Elevation service UNKNOWN_ERROR

I'm having difficulty with the Google maps V3 JavaScript elevation service.
According a google groups posting ( https://groups.google.com/forum/#!msg/google-maps-js-api-v3/Z6uh9HwZD_k/G1ur1SJN7fkJ ), it appears that if you use getElevationAlongPath() it compresses and sends the entire path to the Google server as an Ajax GET request and subsamples it on their server. This means that if you have a large number of path segments the encoded URL exceeds the maximum URL length and the request fails with UNKNOWN_ERROR.
Can anyone confirm that this is a URL length issue?
I've tried doing my own subsampling along the path and sending just the points I want elevation data for as a getElevationForLocations() request. This does seem to be an improvement, but I'm still getting some UNKNOWN_ERROR responses. These occur unpredictably. Sometimes a request with 400 points returns successfully. Other requests will fail with only 300 points passed. I'm guessing that this still a problem with URL length (presuming getElevationForLocations() also sends URL-encoded data to Google).
The documentation says that "you may pass any number of multiple coordinates within an array, as long as you don't exceed the service quotas." This doesn't seem to be the case.
Does anyone have any suggestions for a reliable way to get a large number of elevation data points (500?) from a long path?
Thanks,
Colin
After a bit more digging, this seems to be the situation.

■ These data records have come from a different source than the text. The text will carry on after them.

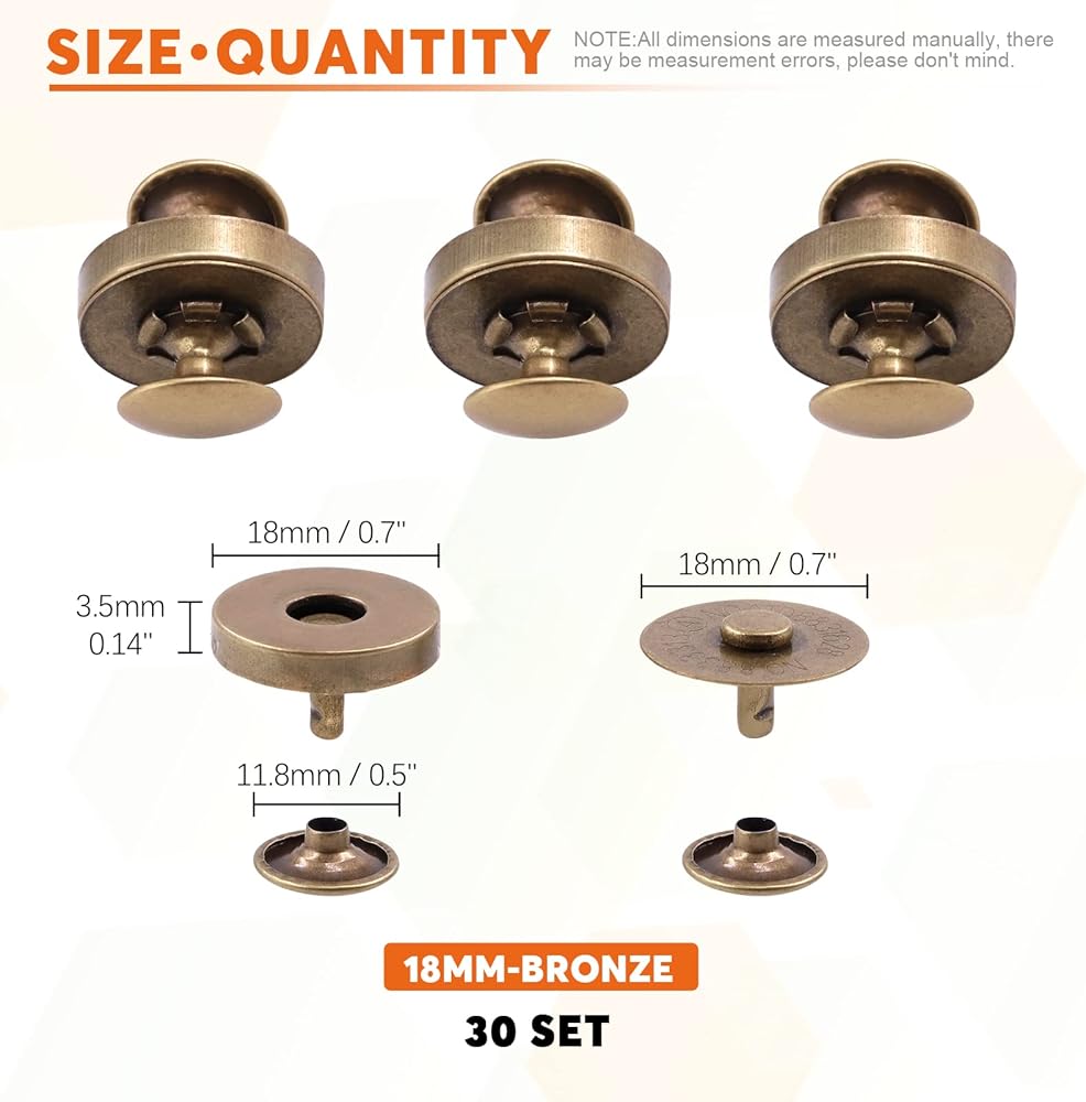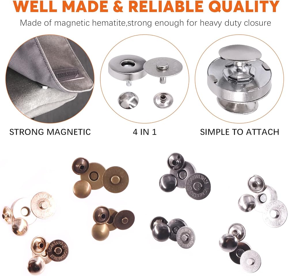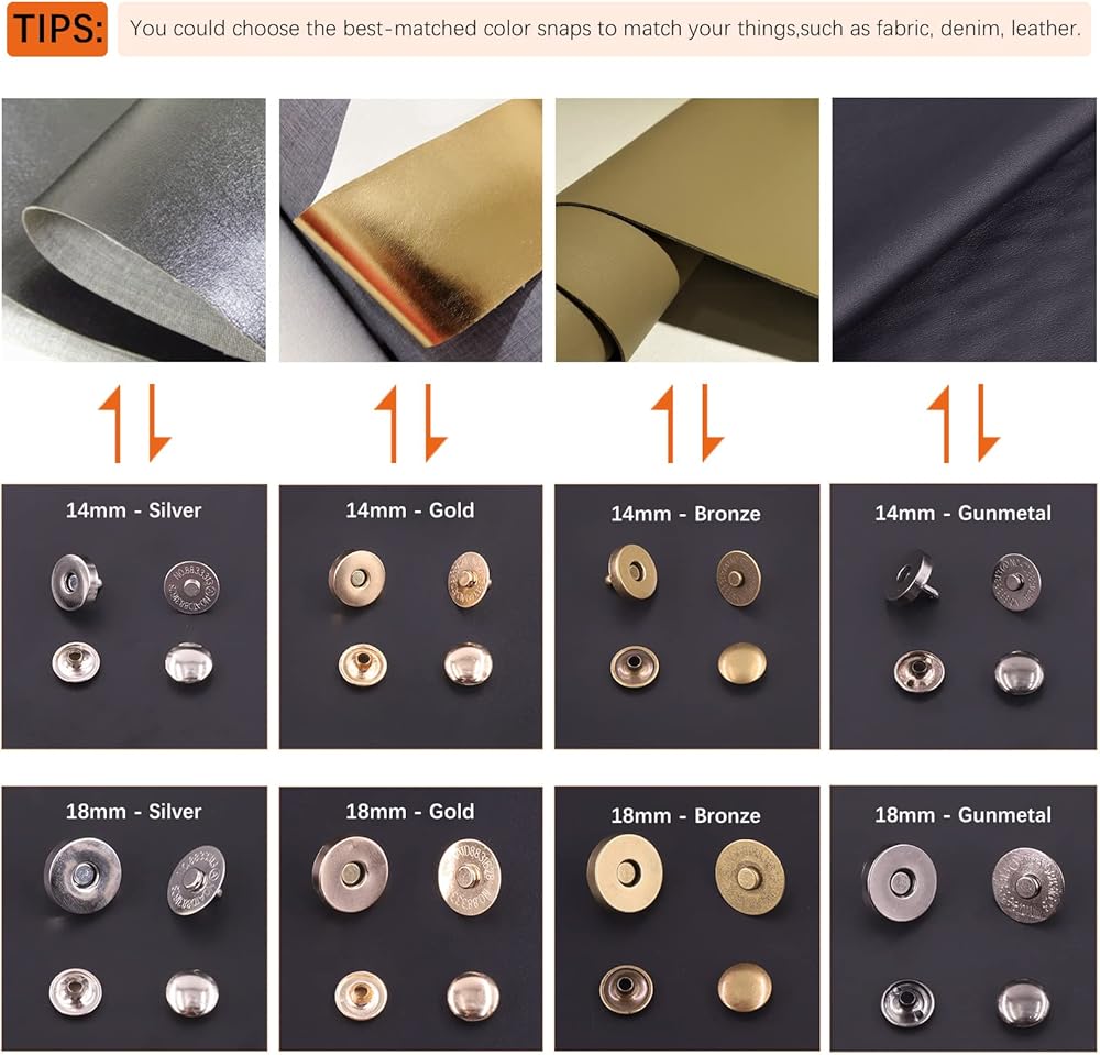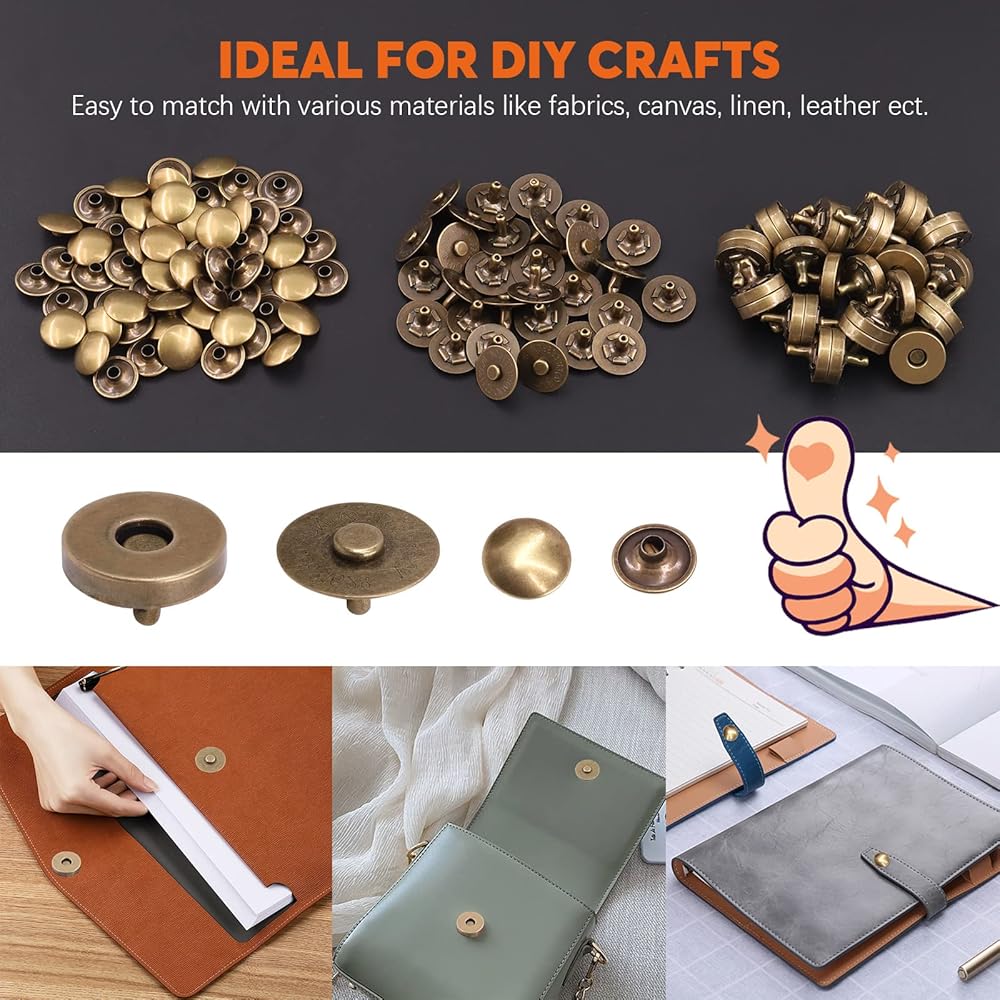 ●1. Premium material: Made of quality metal plated with classic colors. Ideal for various materials like fabrics, canvas, linen, leather ect.
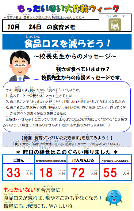 もったいない大作戦4日目、最終日です。みなさん目標に向かって取り組めたでしょうか。
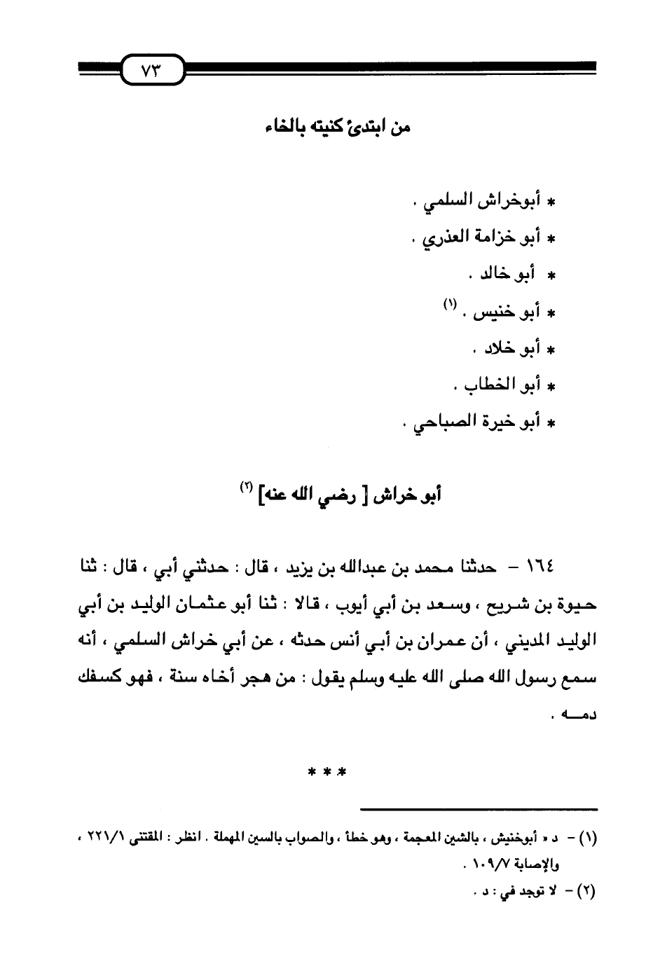 §مَنِ ابْتُدِئَ كُنْيَتُهُ بِالْخَاءِ أَبُو خِرَاشٍ السُّلَمِيُّ. أَبُو خُزَامَةَ الْعُذْرِيُّ. أَبُو خَالِدٍ. أَبُو خُنَيْسٍ. أَبُو خَلَّادٍ. أَبُو الْخَطَّابِ. أَبُو خِيَرَةَ الصَّبَاحِيُّ
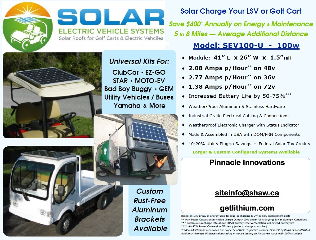 SOLAR EV SEV-100-U UNIVERSAL ELECTRIC GOLF CART SOLAR POWER CHARGING KIT
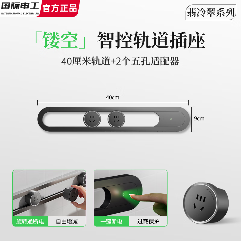 国际电工轨道插座翡冷翠系列镂空设计防过载可移动明装滑轨餐厨导轨式插座 镂空艺术款【40厘米轨道+2个五孔】
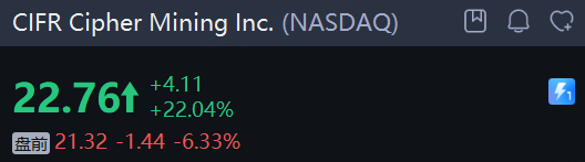 加密货币概念股盘前集体走弱, Cipher Mining Inc. 跌超6%,Robinhood、IREN跌超4%,BMNR、Coinbase、Strategy跌超3%。比特币日内跌超2.5%,跌破10.4万美元关口。
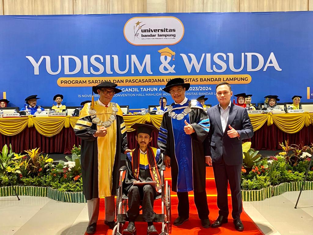 Kini cita cita dan impian Aziz Hermawan terwujud, dia berhasil menuntaskan pendidikan sarjana di prodi Arsitektur UBL. Aziz Hermawan merupakan satu dari 648 wisudawan yang dikukuhkan dalam kegiatan Yudisium dan Wisuda Program Sarjana dan Pascasrjana UBL Periode Ganjil Tahun Akademik 2023 – 2024 yang berlangsung di Mahligai Agung Convention Hall, Rabu (15/11/2023).
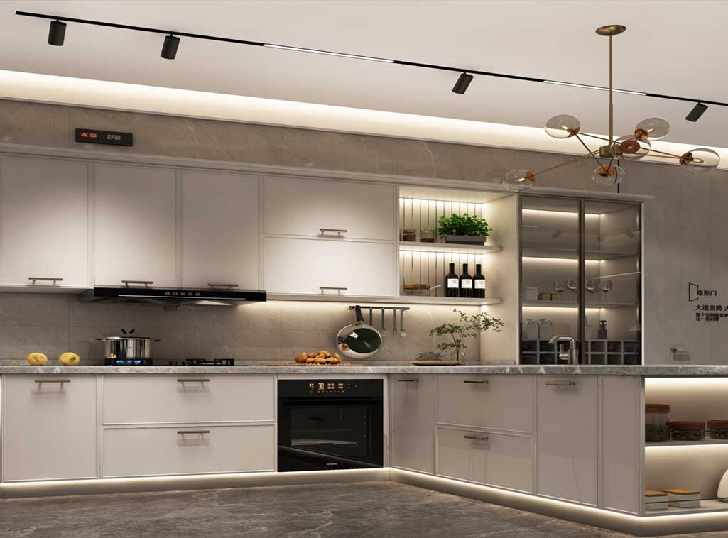 这款舒曼系列,白色欧式经典橱柜是空间独特的标志,温馨的流沙白淳朴中透出欧式的温馨与浪漫。凸起的边式柜门永恒而优雅,透明的玻璃柜门,让实用与展示兼具。
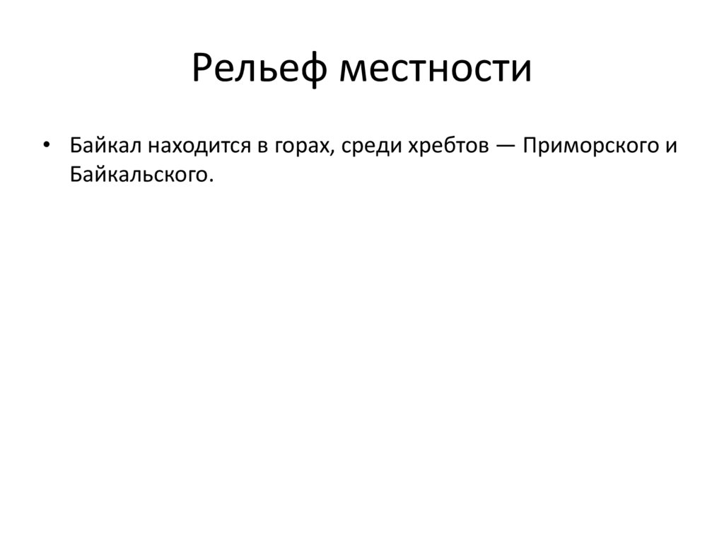 Рельеф местности• Байкал находится в горах, среди хребтов — Приморского и
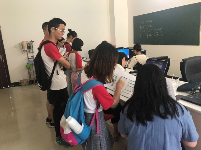 吃过午饭,实践团成员分为两组,一组继续进行志愿者活动,帮助家长和学生以最快的速度,最高的质量办好生源地助学贷款;另一组的同学则负责整理前期准备的高校助学政策和生源地贷款的相关资料,同时与学生资助管理中心的负责人积极沟通交流,准备好微信推文的资料。紧张准备之后,实践团成员认真仔细的完成推文的编辑工作,并交予负责人进行审核,然后通过微信公众号发布!今天的志愿者活动圆满结束后,学生资助管理中心的负责人对实践团表示感谢,并进行合影留念。

The JavaScript API for elevation uses the HTTP elevation service behind the scenes. The HTTP elevation service docs do say that requests are limited to 2048 characters. However, if you're using the HTTP service directly, you build you're own URLs. This means you can check the length before sending. If you use the JavaScript API, the URL is built for you, but the API code doesn't check the URL length before sending.
The call end-point URL and the necessary parameters take up 78 characters leaving 1970 for the encoded points.
This is where it gets messy. The number of characters in an encoded point varies with the size and precision of the lat and lng values. Generally, somewhere between 8 and 12 characters per point. An added complication is that some of the characters used in the path encoding may need URL-encoding - further increasing the number of characters needed per point by an unknown, but potentially significant amount (2 extra characters for each path character in need of URL encoding).
All of these complications mean that its theoretically possible for a call to result too long a URL with just 55 points - very, very unlikely though. A safe limit is probably 150 points (but this may still fail occasionally). 200 should work most of the time. 250 should be about the maximum.
In reality, from a small number of tests:
- 200 worked every time
- 300 usually works
- 400 sometimes works
The discrepancy between the calculation and the tests suggests that the JavaScript API may be doing some further form of compression or I've got something wrong in calcs?
Your suspicions are correct, this is a URL length issue. If you have Chrome's Developer Tools open when you submit the request you'll see an HTTP 414 (Request-URI Too Large) error. The URL is around 3000 characters which is about 1000 too many (2048 is a common max url length).
Internally the Google Maps API converts all those points to what looks like an encoded polyline which helps compress that data down, but it's clearly not enough for this really long path. It might be worth splitting the request up into multiple segments when you know your going to be including more than N points (I'd experiment around with N to see what works).